(Serious post time. We'll get back to the humor tomorrow, promise)
By now, I'm sure you've heard the big news of the night. Osama Bin Laden is dead- and no, not 'mostly' dead. Miracle Max can't do anything for this S.O.B. I wouldn't say that I'm happy about this development. This isn't the kind of situation that evokes joy. Instead, what I'm feeling is much closer to relief- deep, soul lightening, bone weary relief that this is finally done.
Everyone knows exactly where they were when they realized how the attacks of 9/11 would change our lives. For me, it was lunchtime in my middle school's cafeteria, when I realized that my mother had traveled through the World Trade Center only two hours before the first plane hit. Now what haunts me is her face when she talks about how she watched through her office window as two planes crashed into the New York City skyline. When the trains started running later that day and we picked her up from the station, she got in our car and wouldn't talk about it except to say that her shoes had been ruined. Later, watching footage of the debris that had blackened the air in New York play on every news station, I understood why. My mother still gets nervous when planes fly overhead.

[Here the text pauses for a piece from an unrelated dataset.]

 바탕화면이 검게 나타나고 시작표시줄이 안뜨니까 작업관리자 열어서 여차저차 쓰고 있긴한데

I won't lie and tell you I feel any safer now that one of 9/11's biggest perpetrators is dead. I'm not an idiot. As one of my roommates correctly pointed out, Bin Laden is just one man, and undoubtedly others will rise to fill his shoes. There will always be despicable people out there, and far too many are as disgusting, or worse than, Osama Bin Laden. But what it means when the President says that yes, we've got Osama Bin Laden's body, is that in some small measure justice has been done. In a very real way my roomate was incorrect. Bin Laden is not just one of many. He is an example of the very worst that humanity is capable of becoming, and killing him will strike a blow at the heart of Al Qaeda and, to a very limited extent, provide closure for those scarred by 9/11.

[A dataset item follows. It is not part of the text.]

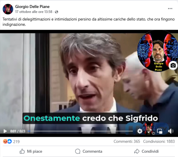La fonte originale del video falso è l’account Facebook “Giorgio Delle Piane”. Ecco il post del 17 ottobre 2025, dove l’utente scrive:

There will be retribution. We have to be careful how we treat Bin Laden's death, because there are powers out there that are going to try and turn him into a martyr. I'm sure in the coming days- hell, even the coming hours- we're going to see increased activity from terrorist organizations as they fight in the false name of revenge, or righteousness, or independence. People are going to die both in the West and the Middle East. We'll also have to resist the dangers that lie within ourselves. We have to remember that the victims of 9/11 included Muslims as well as Christians and Jews (etc etc), and that terrorism is universally deadly. As the President said, "Osama Bin Laden was not a Muslin leader. He was a mass murderer of Muslims."
For the moment, however, we can let go of that breath our nation has been holding since 9/11 thrust Bin Laden into the front of our consciousness. Tonight a mass murderer has been destroyed, and damn but it feels good.
As I write the end of this post, I realize that I was wrong when I said that I only feel relief at Bin Laden's death. I see my mother's face, almost 10 years after 9/11, as planes fly overhead and bring her back to that nightmare, and I think that what I feel may be closer to happiness than I thought.